なんと!アバン先生の一番弟子は魔王軍の不死騎団長でした。ショックを受けるダイ達。マァムはアバン先生が死んだことをヒュンケルに伝えると、ヒュンケルは
弟子作りなんぞにうつつを抜かして自らの修行を怠った証拠だ 俺の手で引導をわたしてやろうと思っていたのに全く口惜しいわ・・・
引用)ドラゴンクエスト ダイの大冒険 35話(魔剣戦士ヒュンケル!!の巻)
と厭味ったらしいセリフを吐きます。アバン先生を殺すつもりだった平気で言いのけるヒュンケル。それに怒るダイ。ダイはヒュンケルに大地斬を仕掛けますがあっさり受け止められ、さらに海波斬も難なくかわされてしまします。実力差は大人と子供の差があるようです。奥義アバンストラッシュをも繰り出しますがこれも完全に受け止められてダイは打つ手がなくなりました。

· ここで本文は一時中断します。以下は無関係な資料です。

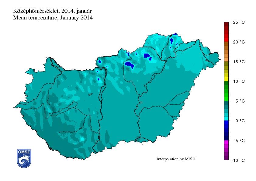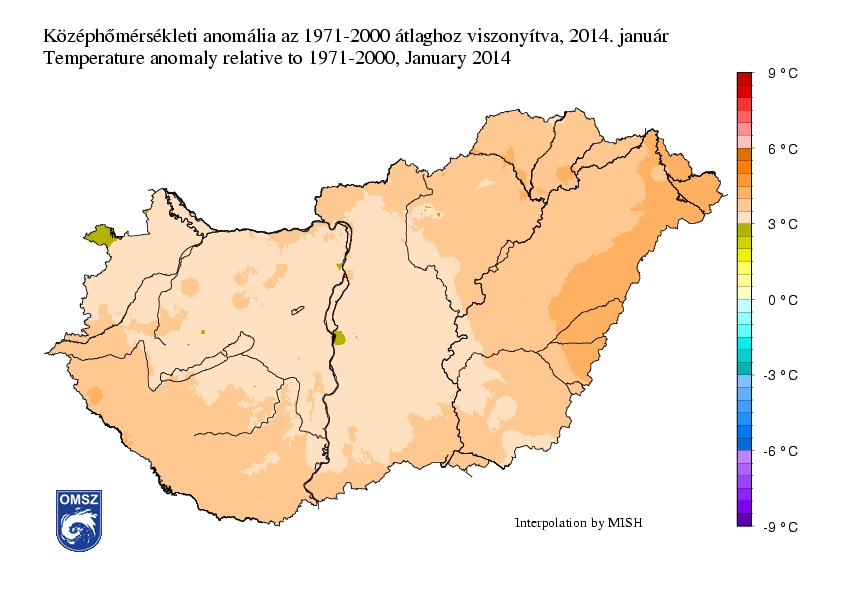 2014 januárja jelentősen melegebbnek bizonyult a megszokottnál: az ország legnagyobb részén a havi átlaghőmérséklet a sokéves normálnál 3-4°C-kal is magasabbnak adódott. A K-i határszélen alakult ki a legnagyobb anomália, itt átlagban 4-4,5°C-kal is melegebb volt a szokásosnál. Az országban sehol sem volt hűvösebb a harmincéves átlagnál, a legkisebb anomália mértéke is +2,5-3°C. Az interpolált adatok alapján hazánkban az idei volt a 7. legmelegebb január 1901 óta.
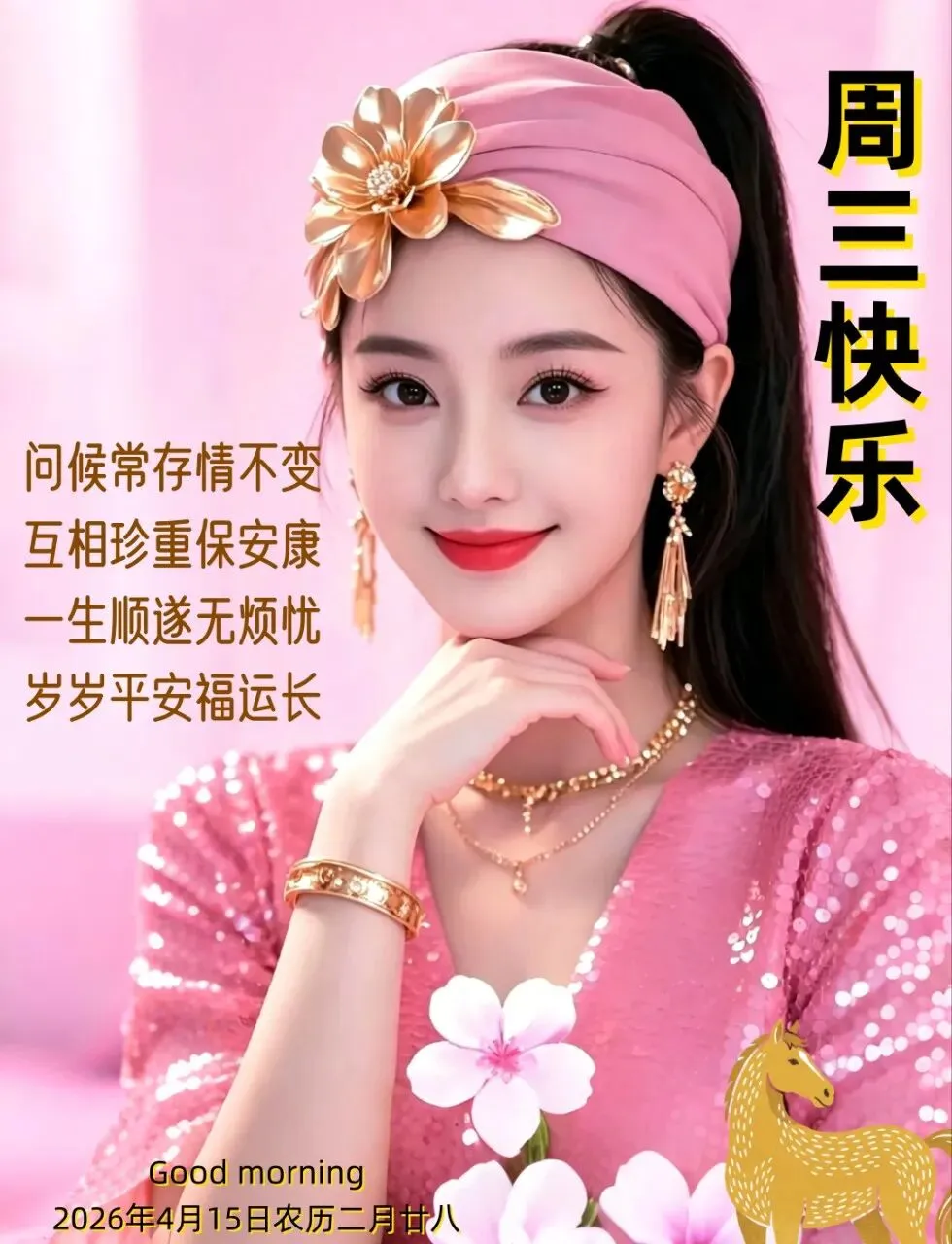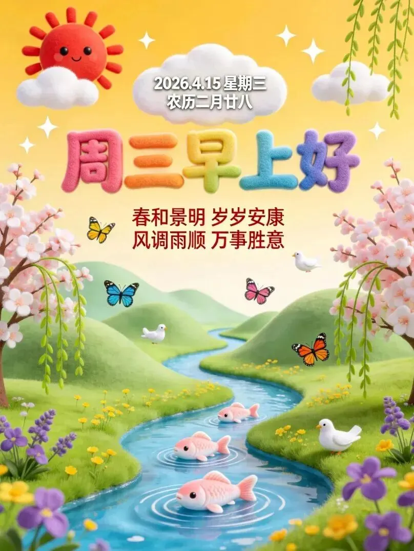 周三吉祥🏵️,微风送暖🍃。人生知足常乐😊,平安便是福气🧧,愿您作息规律身体健💪,心态平和笑容多😄,日子平淡也温馨🏡,万事顺遂🙏,安然喜乐🌸,岁岁都安康🌾。

この一連の戦いで、ヒュンケルはダイが空裂斬を極めていないことを見極めていました。そして、冒頭の一コマの言葉。
ここからは考察ですが、ヒュンケルはアバンに敵視していましたが、同時にその凄さを認めていますね(尊敬していたことは漫画でもだいぶ後で説明があります)。空裂斬は「最大の奥義」と語るところはアバンをリスペクトしている証でしょう。
ヒュンケルが空裂斬をマスターできなかったのは、アバンを憎む心があったためですが、ヒュンケル自身は仮に憎む心がなくてもマスターする自信はなかったのではないかと思います。それほど難しい技なのですね。簡単にできる技なら、俺は悪の心があるためできんが空裂斬など大した技ではないと言うはずです。
後にヒュンケルは空の技を繰り出せるようになりますが、まさか自分が空の技を使えるようになるとは!!と思ったはずです。空の技を繰り出したときはすっかり感動してしまいました。
空裂斬ができないヒュンケル。心技体が揃って完成するアバンストラッシュの完成度とその威力に心底感服していたんでしょうね。ヒュンケル自身が放った未完成のアバンストラッシュを紛い物(まがいもの)と言ったのも本物のアバンストラッシュへのリスペクトがあったからでしょう。
このあたりの描写からもヒュンケルはアバンが憎いだけではなかったとことがうかがい知ることができます。アバン流刀殺法がマスターできなかった悔しさと同時にアバンに対する尊敬の気持ち、そして、父バルトスの敵という複雑な感情がヒュンケルには存在していました。後にミストバーンはこの気持ちこそがヒュンケル最大の強さと語っています。それがヒュンケルの最大の強さだとも。
このあたりの伏線が後に見事に回収されるのがダイの大冒険のすばらしさでもあります。
さて、話はストーリーに戻って、ヒュンケルが放ったアバンストラッシュは紛い物であっても威力十分。ダイは壁に打ちつけられやられてしまいます。今度はマァムとポップの呪文攻撃を仕掛けようかというところでヒュンケルも切り札を登場させます。それは、剣を収める鞘が鎧化(アムド)するものでした。この鎧にはどうな力が!? というところで35話はおしまいです。